In 2013, UNICEF and partners plan for:
children under 5 with severe acute malnutrition are treated
Ivorian refugees and 140,000 Liberians in host community access adequate water and sanitation facilities
Ivorian and Liberian children and youth access early childhood development, primary education, youth skills training and literacy classes
2013 requirements (US$)
Although significant progress has been made by the Government of Liberia since the end of the 14-year civil war, the country continues to face considerable challenges in ensuring proper care, education and protection for its children. The 2010 crisis in Côte d’Ivoire led to an influx of 200,000 refugees into one of the most marginalized regions of Liberia, increasing the number of people in need of protection and care, given that 82 per cent of the total refugee population are women and children. While 50 per cent of the refugees opted to move into refugee camps established by the United Nations High Commissioner for Refugees (UNHCR), the remainder preferred to stay in Liberian host communities, where access to basic services is very poor. Malnutrition remains the principal underlying cause of child mortality in Liberia: More than 40 per cent of children suffer from chronic malnutrition and 60 per cent from anaemia. Acute malnutrition rates are reported to be lower among the refugee population than among Liberian host communities. Of the main childhood diseases, malaria and pneumonia are the leading causes of child morbidity and mortality. Among all age groups, women and adolescents are most at risk of HIV infection. In many host communities, only 4 per cent had access to improved sanitation facilities and 77 per cent practised open defecation before the crisis. Despite improved sanitation conditions, the incidence of diarrhoeal diseases among children in Liberia’s refugee-affected counties remains high and cholera is endemic.
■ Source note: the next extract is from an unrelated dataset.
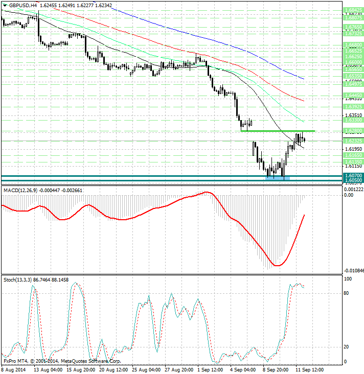 Пара GBP/USD окажется на стыке экономических отчетов и референдума по независимости Шотландии, который состоится 18 сентября. Его тоги могут оказать на пару даже большее влияние, чем публикация данных по индексу потребительских цен и протокола сентябрьского заседания МРС. Даже если в Комитете увеличилось число сторонников ужесточения (что маловероятно), рост фунта может быть очень сдержанным. Куда более активное укрепление пара сможет развить, если Шотландия проголосует за единство. В этом случае GBP/USD может вырасти к уровню 1,6380 и, далее, 1,6460. В противном случае, не исключено снижение к 1,60.
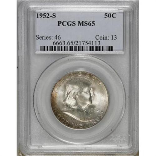 <B>1952-S 50C MS65 PCGS.</B></I> PCGS Population (1044/166). NGC Census: (761/240). Mintage: 5,526,000. Numismedia Wsl. Price for NGC/PCGS coin in MS65: $80. (#6663)<BR><BR><B>Coin Engraver:</B> John R. Sinnock<BR><BR><b>Shipping:</b> Coins & Currency (<a target="_blank" href="http://www.heritageauctions.com/common/shipping.php">view shipping information</a>)

Moreover, many girls and women were subjected to rape and other forms of violence and abuse during the war in Liberia, and its legacy in terms of the damage to survivors and impact on attitudes and behaviours remains. This contributes to the increased vulnerability of many refugee women and children, who are often exposed to sexual abuse and exploitation, physical violence and neglect, or separation from their primary caregivers. Existing social services struggle to meet the needs of the Liberian population, and the recent Ivorian refugee influx into Liberia has had serious ramifications for the already fragile situation within the border counties. Despite a decrease in the number of refugees, the overall population in need of humanitarian assistance remains high – more than 140,000 Liberians and more than 65,000 refugees in camps and communities.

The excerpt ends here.